So this is a prophecy about Jesus Christ written 700 years in advance; that’s what this is.  And when you look at this notice how substitution is so prominent.  It says, “He was despised and forsaken of men, a man of sorrows and acquainted with grief; and like one from whom men hide their face He was despised, and we esteemed Him not.  [4] Surely our griefs” what? “He Himself bore… see the substitution there?  “And our sorrows He carried; Yet we ourselves esteemed Him stricken, Smitten of God, and afflicted, [5] But He was pierced through for our transgressions,” see how it keeps saying He did this for us, “He was crushed for our iniquities; the chastening for our well-being fell upon Him, and by His scourging” what? “we are healed.  [6] All of us like sheep have gone astray, Each of us has turned to his own way; But the LORD has caused the iniquity of us all To fall on” what? “Him.”  [Isaiah 53:3-6]

So when you get to this subject of atonement the correct understanding of it is substitution.  Now I’m not denying the fact that when you look at the death of Christ you don’t see in it aspects of where we should be servants and good to people and that kind of thing, and that’s all true but the problem with the drift into liberalism is they focused on all that other stuff and they started omitting the fact that He was our substitute.  So any definition of the atonement that does not use the word “substitute” in it, vicarious, penal, substitutionary atonement, is inadequate, ultimately an unbiblical definition.

And the church really started to hammer this into place as late as the 1100’s because long before the fundamentalist modernist controversy, and I want you to understand something about the devil, he never takes a vacation.  Have  you noticed that?  He never clocks out; you know, you never get an e-mail from Satan saying back in the office in two weeks.  I mean, he’s working all of the time to distort and corrupt anything that’s good.  And very early on in church history people started to get really fuzzy with the doctrine of the atonement.

And these are the false views of the atonement: the ransom to Satan view, which is this idea that Christ’s death is a ransom to Satan and not the Father.  Now the modern teacher that has been flagged as teaching something like this or very similar is Joyce Meyer who you see a lot on TV and if you look at some of the criticisms of her what is being said, and you can ferret out the evidence for yourself, is she is sort of drifting into this ransom to Satan idea, that the death of Jesus Christ is really not a payment for the sins of the world but it’s some kind of payment to the devil.  And again there’s an element of truth to it but it really doesn’t capture the idea.  I mean, Jesus didn’t die on the cross to pay Satan back anything; He died on a cross to pay our sin debt, right?  Our sin debt separates us from a holy God.

And then you see the moral influence view, Christ’s death is an expression of God’s love.  That’s what really started to take hold in the mainline denominations.   You can see the years when that came into existence, long before the fundamentalist/modernist controversy.  Then you have the moral example view; Christ’s death inspires us to be sacrificial, which it does, but that’s not why He died ultimately, He died as my substitute.  Then you see the governmental view, Christ’s death promotes respect for God’s law, so look at how much God hates violations of His law, look at the death of His Son, so therefore what should I do?  I should work harder to keep His law.  Well, that’s a works oriented salvation and again it fails to capture the idea of substitution.

And then this last one, the only way you could embrace it is if you could care less about the Bible and it’s revelation; it’s the accidental view which is this idea that forces took Christ off guard, swept Him off guard and fate accidentally ended Jesus’ life, so He was killed because of forces outside of His control.  The easy refutation to that is over in John 10 and verse 18, which says, “No one has taken it away from Me” speaking of His death, “but I lay it down on” what? “My own initiative, I have authority to lay it down and I have authority to take it up again.
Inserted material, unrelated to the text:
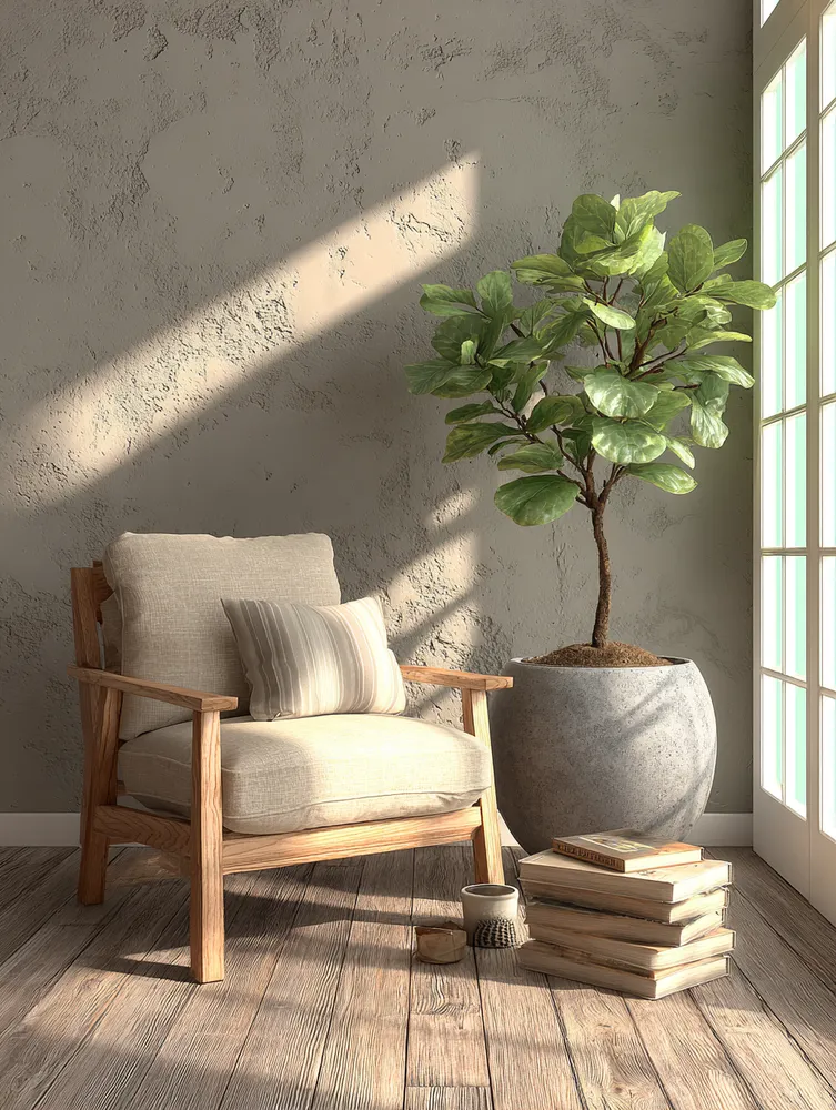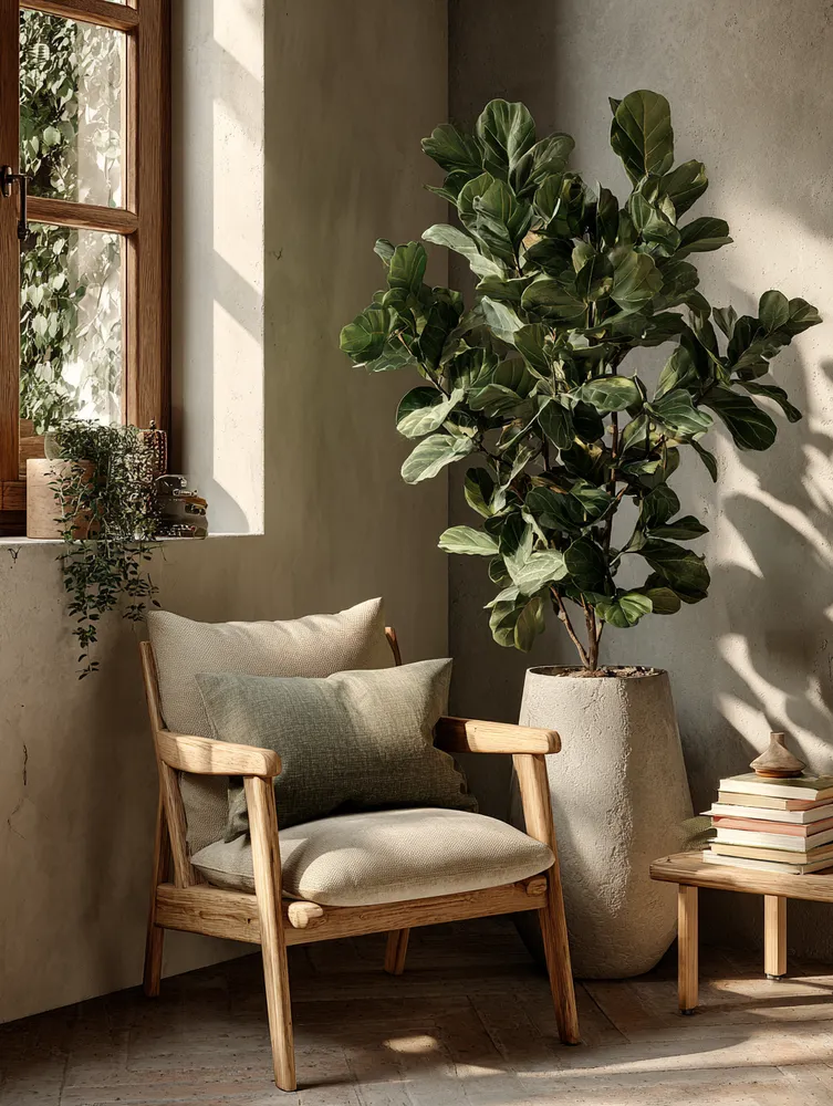 Plants are vital in Japandi design, connecting your interior with the natural world and adding life and calm. Choose plants with simple, elegant forms. Consider Fiddle Leaf Figs, Snake Plants, or various small bonsai trees. 🪴 Display them in minimalist ceramic pots or simple, natural wood planters. Grouping plants strategically can create beautiful focal points. Even a single, perfectly placed branch in a vase can bring a sense of tranquility. Let greenery breathe life into your serene spaces and enhance the feeling of well-being. #JapandiPlants#ArchitecturalAlchemy#JapandiPlantIdeas#IndoorPlants#JapandiDecorIdeas#BiophilicDesign#GreenLiving#PlantDecor#HomeGardening#InteriorJungle#NaturalBeauty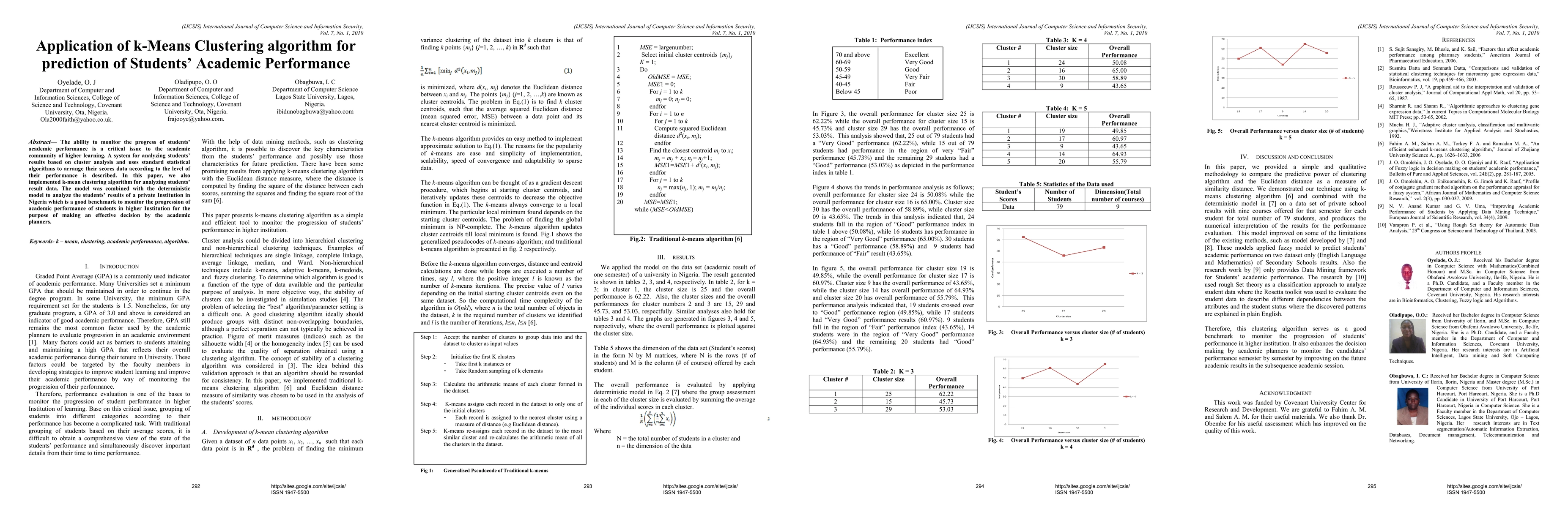 This paper applies the k-means clustering algorithm to analyze and predict students' academic performance in a Nigerian private institution. The results provide a benchmark for academic planners to make informed decisions regarding student progression.

This commandment I received from My Father.”  If you go back to verse 17 it says, “For this reason the Father loves Me, because I laid down My life so that I may take it again.”  Jesus never lost control of anything; He allowed it to happen.  In fact,  you recall that He, in… I think it was the exchange with Pilate, if I remember right, He said to shut this whole thing down My Father could just summon myriads of angels to stop it, but He voluntarily submitted to the cross because He had His mission of dying as our substitute.

So this accidental view, fate accidentally ended Jesus’ life, obviously is wrong as well.  But really the key thing to understand is all of these definitions of the atonement fall short because they deny the concept of vicarious penal substitution.  You guys with me on that?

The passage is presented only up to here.